The Deadly Results of a D.E.A.-Backed Raid in Honduras
By ANNIE BIRD and ALEXANDER MAIN
JULY 2, 2017
WASHINGTON It was a dark, moonless night. A small passenger boat had nearly reached the end of its six-hour journey upriver when helicopters appeared overhead and another boat came into view. Shots were fired, hitting several passengers. As terrified men, women and children leapt into the water, they were fired on again by a machine-gunner perched in a helicopter. Four people were killed, two of them women, another a 14-year-old boy. Several more were injured.

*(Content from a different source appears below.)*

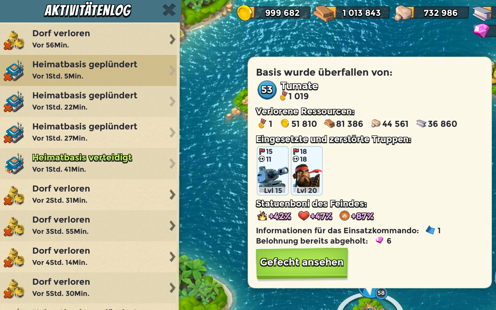 bei mir z.b. habe ich von meinen Angriffen kein video replay!

It could have been another tragic scene of carnage from Syria, South Sudan or some other war-torn place. But this grisly incident occurred in the otherwise peaceful Miskito indigenous community of Ahuas, Honduras, during a May 2012 counternarcotics mission involving agents from the Drug Enforcement Administration, a United States-vetted Honduran police unit and machine-gun-equipped State Department helicopters.
The D.E.A. and Honduran police said that the passenger boat carried drug traffickers who fired first. Local residents told a different story, of a water taxi carrying unarmed travelers with no links to drug trafficking.
Weeks later we traveled to Ahuas and worked with local human rights defenders to piece together the boat passengers accounts. A grieving mother described how her teenage son was shot dead before her eyes. A nurse told us about her deceased pregnant sister and her struggle to care for her orphaned niece and nephew.